Home-page: https://github.com/shhossain/BanglaSpeech2Text
Author: shifat (shhossain)
Project-URL: Documentation, https://github.com/shhossain/BanglaSpeech2Text
Project-URL: Source, https://github.com/shhossain/BanglaSpeech2Text
Project-URL: Bug Tracker, https://github.com/shhossain/BanglaSpeech2Text/issues
Keywords: python,speech to text,voice to text,bangla speech to text,bangla speech recognation,whisper model,bangla asr model,offline speech to text,offline bangla speech to text,offline bangla voice recognation,voice recognation
Classifier: Development Status :: 3 - Alpha
Classifier: Intended Audience :: Developers
Classifier: Intended Audience :: Education
Classifier: Intended Audience :: Science/Research
Classifier: License :: OSI Approved :: MIT License
Classifier: Programming Language :: Python :: 3
Classifier: Programming Language :: Python :: 3.6
Classifier: Programming Language :: Python :: 3.7
Classifier: Programming Language :: Python :: 3.8
Classifier: Programming Language :: Python :: 3.9
Classifier: Programming Language :: Python :: 3.10
Classifier: Topic :: Scientific/Engineering :: Artificial Intelligence
Classifier: Topic :: Software Development :: Libraries :: Python Modules
Classifier: Topic :: Text Processing :: Linguistic
Classifier: Topic :: Utilities
Classifier: Operating System :: OS Independent
Requires-Python: >=3.7
Description-Content-Type: text/markdown
License-File: LICENSE
Requires-Dist: transformers
Requires-Dist: faster-whisper
Requires-Dist: torch
Requires-Dist: PyYAML
Requires-Dist: requests
Provides-Extra: dev
Requires-Dist: SpeechRecognition; extra == "dev"
Requires-Dist: pydub; extra == "dev"
Dynamic: author
Dynamic: classifier
Dynamic: description
Dynamic: description-content-type
Dynamic: home-page
Dynamic: keywords
Dynamic: project-url
Dynamic: provides-extra
Dynamic: requires-dist
Dynamic: requires-python
Dynamic: summary

# BanglaSpeech2Text (Bangla Speech to Text)

BanglaSpeech2Text: An open-source offline speech-to-text package for Bangla language.
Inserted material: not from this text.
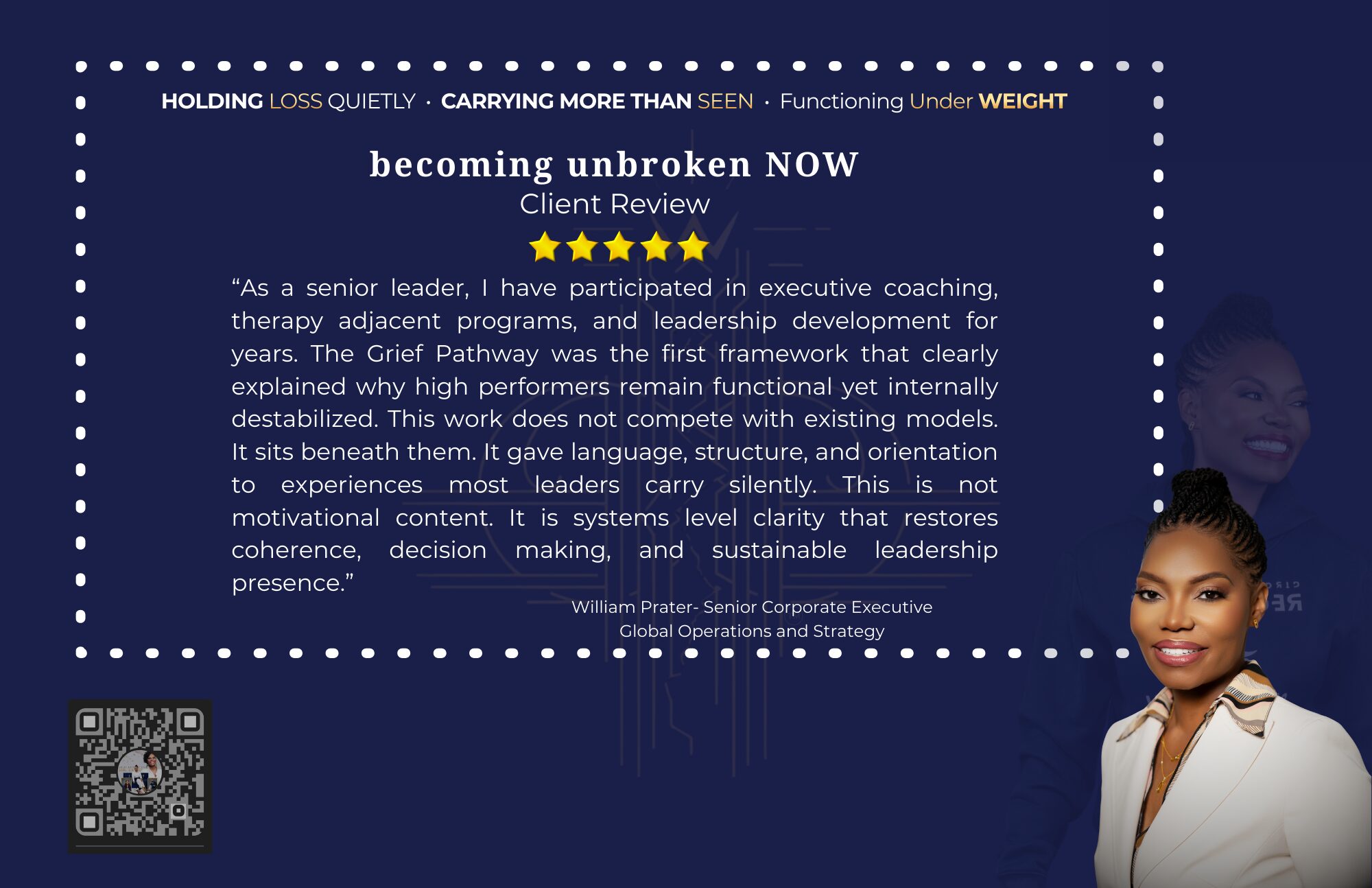 From Courageous Rebirth to Becoming UNBROKEN NOW. I did not just endure grief. I decoded the architecture grief disrupts. I did not set out to become known as the Grief Pathway Doctor. I became her because I could not find language for what was happening to me or to others.

Fine-tuned on the latest whisper speech to text model for optimal performance. Transcribe speech to text, convert voice to text and perform speech recognition in python with ease, even without internet connection.

## [Models](https://github.com/shhossain/BanglaSpeech2Text/blob/main/banglaspeech2text/utils/listed_models.json)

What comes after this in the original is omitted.